A mí también me parece infantil.La verdad es que en la calidad gráfica de los juegos no se han esmerado mucho la verdad.

Viendo la mitad de juegos con personajes hechos de una forma tan simple (una bola a modo de cabeza,un cono a modo de cuerpo y pies y brazos ''flotantes''....),la verdad es que incluso la ps2 le supera por muy buen procesador que tenga.
No tiene juegos de acción precisamente por eso.
Es mi opinión..

Un saludo!.


----------



## elosciloscopio

Más que una consola parece un ordenador.
Nadie ha pensado nunca en ponerle a la xbox360, un disco de 1.5 Tb?
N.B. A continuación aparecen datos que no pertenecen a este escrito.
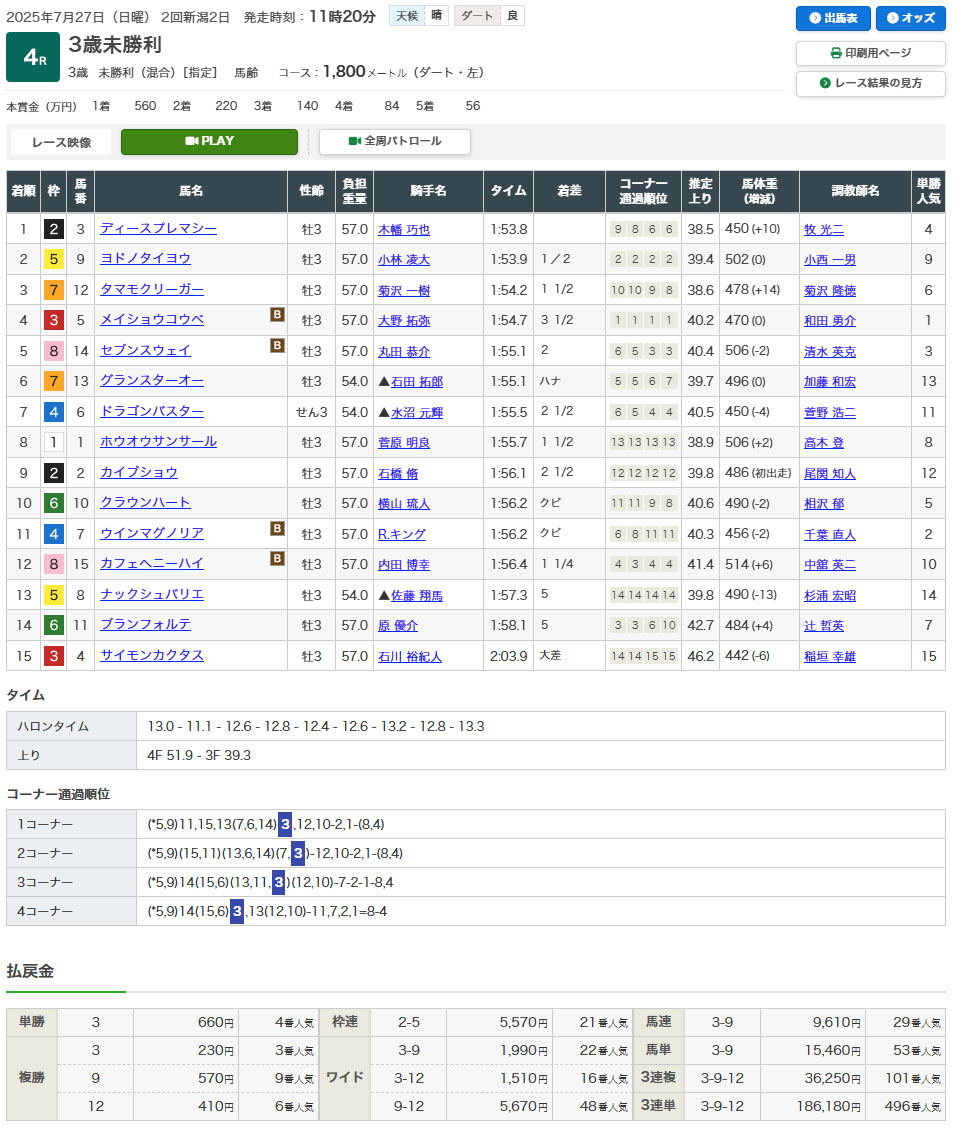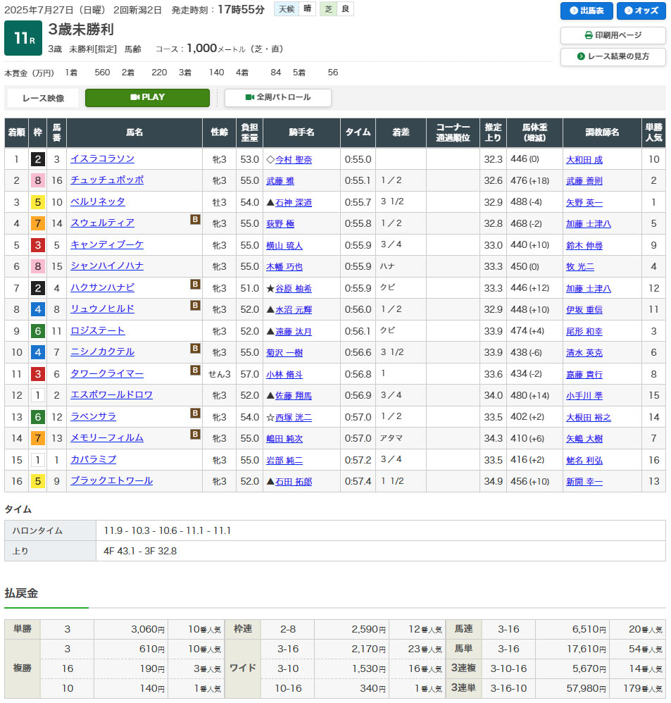 この日に公開されたのは新潟4Rと新潟11Rです。

Aunque si yo tuviera 300€ me compraría un generador de funciones o una fuente de alimentación o algo de esto.


----------



## soerok

elosciloscopio dijo:


> Más que una consola parece un ordenador.
> Nadie ha pensado nunca en ponerle a la xbox360, un disco de 1.5 Tb?
> 
> Aunque si yo tuviera 300€ me compraría un generador de funciones o una fuente de alimentación o algo de esto.
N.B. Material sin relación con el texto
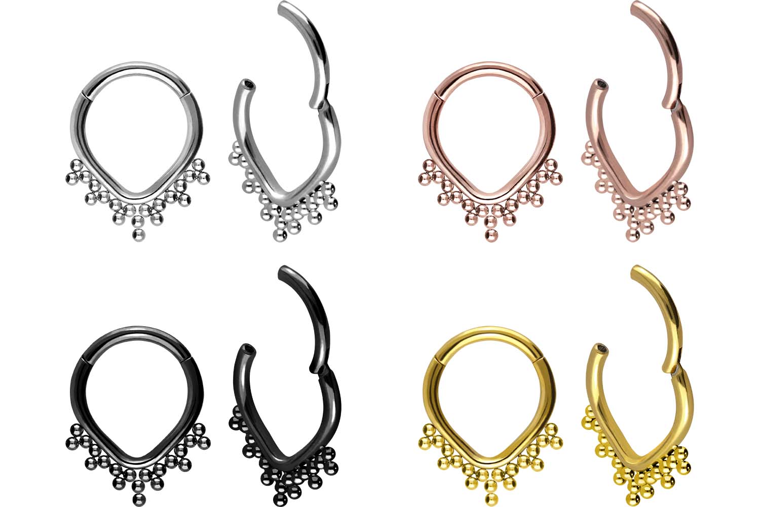 Einfache Handhabung und schönes Design - das sind unsere Clicker! Als Hauptmerkmal der Clicker zählt das praktische Scharnier, das den Einsatz in den Stichkanal enorm erleichtert. Das zur Herstellung verwendete Material (Titan Grad 23) zeichnet sich insbesondere durch gute Hautverträglichkeit, hochwertige Qualität und hohe Beständigkeit aus. Je nach Farbwunsch ist das Piercing mit einer kratzfesten PVD-Beschichtung überzogen. Besonders gelungen ist die stilvolle Anordnung der Kugeln um die außergewöhnliche Tropfenform des Schmuckstücks. Ob am Ohr, der Nase, oder der Lippe - unsere Clicker sind für die verschiedensten Piercingstellen geeignet.

No se le puede poner un disco duro de esa capacidad ala Xbox, solo los hay de 120 GB, pero en ps3 soporta hasta 500 GB, y si casi es un ordenardor la ps3, en la version Fat podias instalar linux pero con esta nueva version slim, eliminaron esa opcion.


----------



## elosciloscopio

jajaja Linux en la play...
Al fin al cabo para que hace falta tanta capacidad en una videoconsola?


----------



## jorger

soerok dijo:


> ...en la version Fat podias instalar linux pero con esta nueva version slim, eliminaron esa opcion.


Fíjate por donde,eso no lo sabía.Yo sé que te puedes meter en internet y ese tipo de cosas,pero meter un SO propio?.Se me hace raro :S.


> Al fin al cabo para que hace falta tanta capacidad en una videoconsola?



Para que la gente se vicie cada vez más y más.
Como dice elosciloscopio,antes de comprarme una ps3 prefiero comprarme algo que me sea más útil (un osciloscopio no me vendría mal por ejemplo )

Un saludo!.


----------



## soerok

jorger dijo:


> Para que la gente se vicie cada vez más y más.
> Como dice elosciloscopio,antes de comprarme una ps3 prefiero comprarme algo que me sea más útil (un osciloscopio no me vendría mal por ejemplo )
> 
> Un saludo!.



Pues entre mas capacidad mejor, En 1981 bill gates dijo "con solo 640 Kb serian suficientes para todos" eso es poco mas de la mitad de un Mb, y mira ahora no nos damos abasto con la necesidad de memoria, y quien sabe, tal vez en un futuro no muy lejano necesitemos mas de 100 Tb de momeria , y la verdad yo no gastaria esos 300 dlls en otra cosa que no fuera la ps3 , esque soy un viciao 

Saludos.


----------



## elosciloscopio

Sólo 100Tb? Eso será lo que oscupe un archivo de texto DDDD

Pd: Jorger, con un osciloscopio serías feliz. Ahora crees que eres feliz, pero no es verdad!!, sólo te darás cuenta cuando tengas uno.


----------



## Meta

Se ve feilla pero técnocamente lo prefiero más, y precio.


----------



## Tomasito

Y como corresponde, ya la han desarmado entera 









> The new PS3 Slim has just been released, and ifixit has already posted a teardown. First, they easily removed the included 120GB hard drive, suggesting that upgrading it  shouldn’t be too hard. In order to get inside the cover, however, they needed to use a security Torx screwdriver. In the end, the Blu-ray drive turned out to be the bulkiest component, followed by some surprisingly gigantic fans. Hopefully this means that Sony won’t have to deal with overheating issues.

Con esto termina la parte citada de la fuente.